Information supplied section start

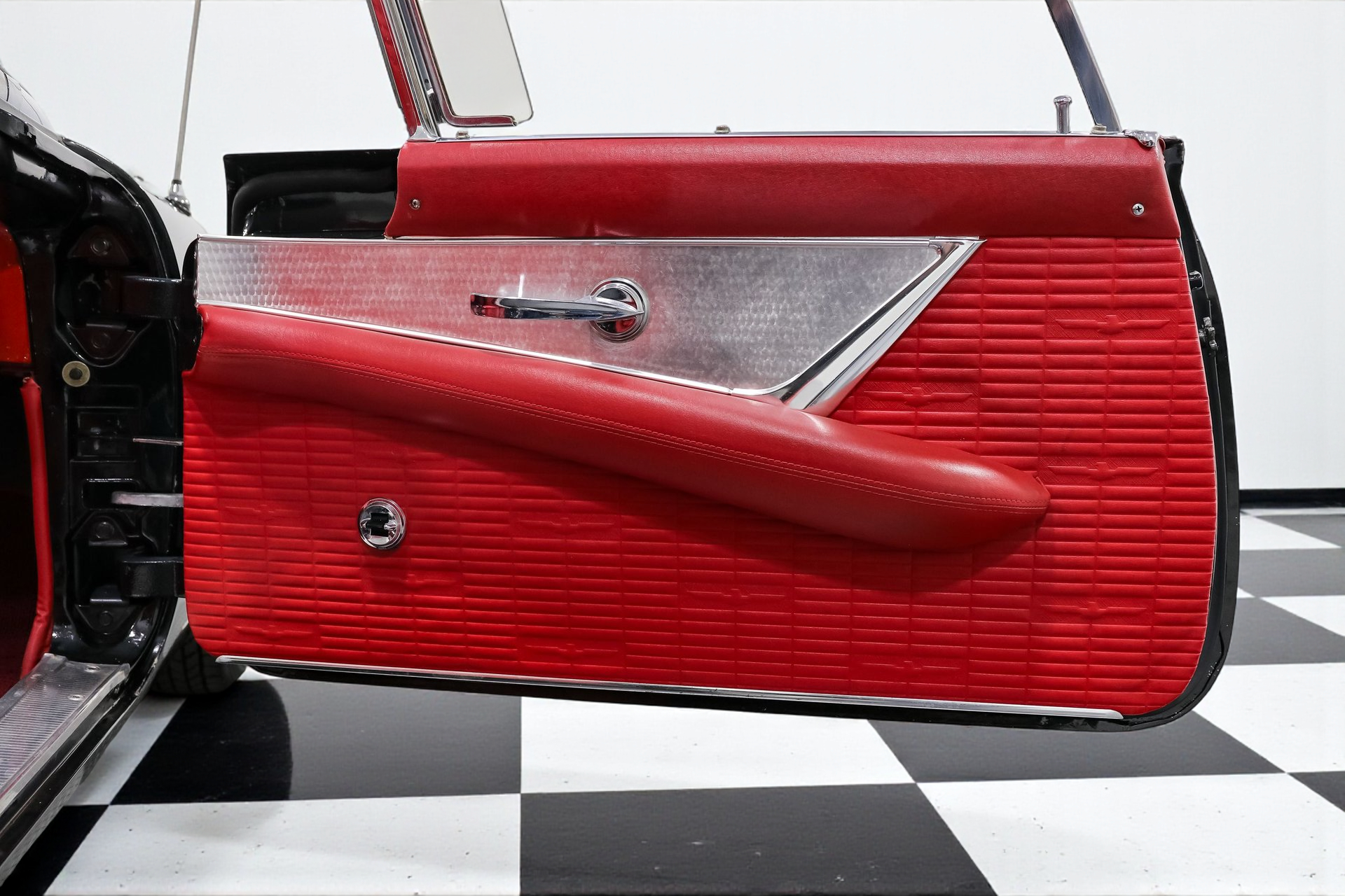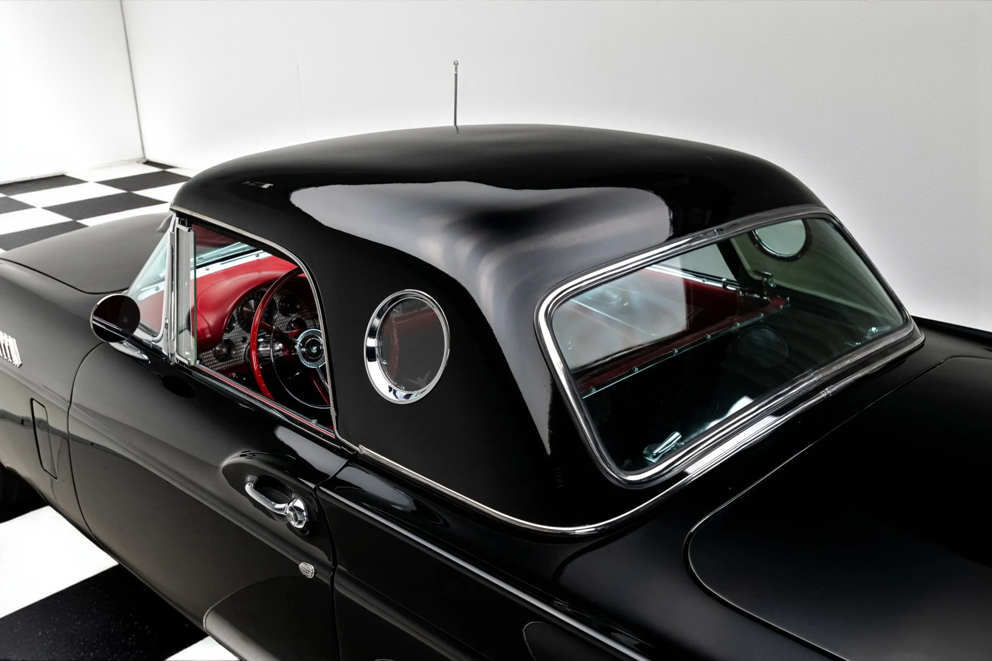 Dressed to impress in sleek black paired with a vibrant red interior, this Thunderbird captures the spirit of its era perfectly, blending iconic design with the thrill of open-air driving.
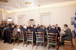 Με τους 13 περιφερειάρχες της χώρας συναντήθηκε στο Μέγαρο Μαξίμου την Πέμπτη 8 Φεβρουαρίου ο πρωθυπουργός Κυριάκος Μητσοτάκης, με αντικείμενο την προώθηση των Περιφερειακών Σχεδίων Ανάπτυξης και το συντονισμό μεταξύ κυβέρνησης και Περιφερειών.
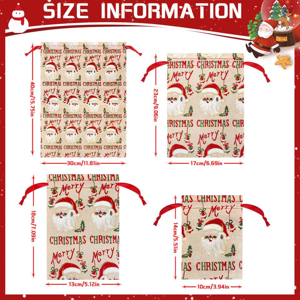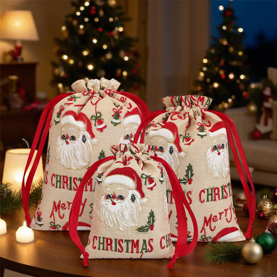 Sacs cadeaux en jute recyclables pour les fêtes de Noël et de la Saint-Valentin - Ensemble d'emballages de fêtes avec fermeture à cordon

Information supplied section end

__Work required__.
Write the lines above out again exactly, excluding every picture.

__Written solution__.
 Dressed to impress in sleek black paired with a vibrant red interior, this Thunderbird captures the spirit of its era perfectly, blending iconic design with the thrill of open-air driving.
 Με τους 13 περιφερειάρχες της χώρας συναντήθηκε στο Μέγαρο Μαξίμου την Πέμπτη 8 Φεβρουαρίου ο πρωθυπουργός Κυριάκος Μητσοτάκης, με αντικείμενο την προώθηση των Περιφερειακών Σχεδίων Ανάπτυξης και το συντονισμό μεταξύ κυβέρνησης και Περιφερειών.
 Sacs cadeaux en jute recyclables pour les fêtes de Noël et de la Saint-Valentin - Ensemble d'emballages de fêtes avec fermeture à cordon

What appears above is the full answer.